**** Records provided ****

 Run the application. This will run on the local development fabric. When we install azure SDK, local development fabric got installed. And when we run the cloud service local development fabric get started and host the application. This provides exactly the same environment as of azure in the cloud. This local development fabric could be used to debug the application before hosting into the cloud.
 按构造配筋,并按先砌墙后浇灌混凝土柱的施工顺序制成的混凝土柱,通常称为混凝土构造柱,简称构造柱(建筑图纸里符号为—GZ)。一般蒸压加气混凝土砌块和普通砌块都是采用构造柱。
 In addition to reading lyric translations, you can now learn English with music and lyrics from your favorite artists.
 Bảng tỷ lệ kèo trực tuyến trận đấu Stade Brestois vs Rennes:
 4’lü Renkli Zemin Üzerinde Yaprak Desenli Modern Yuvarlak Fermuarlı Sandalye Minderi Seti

****
**** Records provided ****

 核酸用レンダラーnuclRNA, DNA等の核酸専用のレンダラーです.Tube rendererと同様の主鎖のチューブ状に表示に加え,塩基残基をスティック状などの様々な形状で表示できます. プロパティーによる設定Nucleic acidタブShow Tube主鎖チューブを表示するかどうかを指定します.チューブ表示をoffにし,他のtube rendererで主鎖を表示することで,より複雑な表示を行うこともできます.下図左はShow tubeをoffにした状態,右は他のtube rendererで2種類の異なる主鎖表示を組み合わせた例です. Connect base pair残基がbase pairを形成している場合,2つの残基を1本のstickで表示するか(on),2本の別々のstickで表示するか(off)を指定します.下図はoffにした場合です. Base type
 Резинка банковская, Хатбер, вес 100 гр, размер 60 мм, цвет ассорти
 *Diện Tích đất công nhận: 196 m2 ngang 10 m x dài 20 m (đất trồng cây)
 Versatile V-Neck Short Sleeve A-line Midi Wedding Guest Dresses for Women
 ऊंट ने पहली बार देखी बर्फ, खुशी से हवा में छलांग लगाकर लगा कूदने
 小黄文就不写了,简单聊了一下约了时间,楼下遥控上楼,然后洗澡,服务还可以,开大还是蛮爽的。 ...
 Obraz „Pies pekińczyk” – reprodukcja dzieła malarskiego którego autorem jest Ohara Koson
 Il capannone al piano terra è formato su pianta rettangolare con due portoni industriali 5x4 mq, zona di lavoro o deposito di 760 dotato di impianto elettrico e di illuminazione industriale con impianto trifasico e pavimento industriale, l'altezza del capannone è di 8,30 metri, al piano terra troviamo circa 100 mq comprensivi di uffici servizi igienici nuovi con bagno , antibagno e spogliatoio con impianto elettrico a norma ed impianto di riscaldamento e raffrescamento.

****

Work instruction :: Looking at the data above, return every line from the one with "Run the application." down to the one with "4’lü Renkli Zemin", exactly and inclusively.

Solution to this problem ::
 Run the application. This will run on the local development fabric. When we install azure SDK, local development fabric got installed. And when we run the cloud service local development fabric get started and host the application. This provides exactly the same environment as of azure in the cloud. This local development fabric could be used to debug the application before hosting into the cloud.
 按构造配筋,并按先砌墙后浇灌混凝土柱的施工顺序制成的混凝土柱,通常称为混凝土构造柱,简称构造柱(建筑图纸里符号为—GZ)。一般蒸压加气混凝土砌块和普通砌块都是采用构造柱。
 In addition to reading lyric translations, you can now learn English with music and lyrics from your favorite artists.
 Bảng tỷ lệ kèo trực tuyến trận đấu Stade Brestois vs Rennes:
 4’lü Renkli Zemin Üzerinde Yaprak Desenli Modern Yuvarlak Fermuarlı Sandalye Minderi Seti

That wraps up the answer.